_Work instruction_
Give back an exact copy of the lines in the records below, from the line that has "Caravelle by Bulova Men's" through the line that has "Милая лошадка Лурдес", and nothing besides.

_Extracted records_
•••••

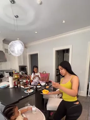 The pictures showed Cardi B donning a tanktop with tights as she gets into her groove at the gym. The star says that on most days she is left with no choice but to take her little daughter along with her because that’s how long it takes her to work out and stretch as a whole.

•••••

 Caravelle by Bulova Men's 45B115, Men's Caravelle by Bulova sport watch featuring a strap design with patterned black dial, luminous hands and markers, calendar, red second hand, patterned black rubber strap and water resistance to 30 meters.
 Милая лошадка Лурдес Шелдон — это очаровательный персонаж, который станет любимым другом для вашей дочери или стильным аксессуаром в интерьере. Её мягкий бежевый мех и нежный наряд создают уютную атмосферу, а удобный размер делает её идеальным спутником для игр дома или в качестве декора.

•••••

_Exercise response_
 Caravelle by Bulova Men's 45B115, Men's Caravelle by Bulova sport watch featuring a strap design with patterned black dial, luminous hands and markers, calendar, red second hand, patterned black rubber strap and water resistance to 30 meters.
 Милая лошадка Лурдес Шелдон — это очаровательный персонаж, который станет любимым другом для вашей дочери или стильным аксессуаром в интерьере. Её мягкий бежевый мех и нежный наряд создают уютную атмосферу, а удобный размер делает её идеальным спутником для игр дома или в качестве декора.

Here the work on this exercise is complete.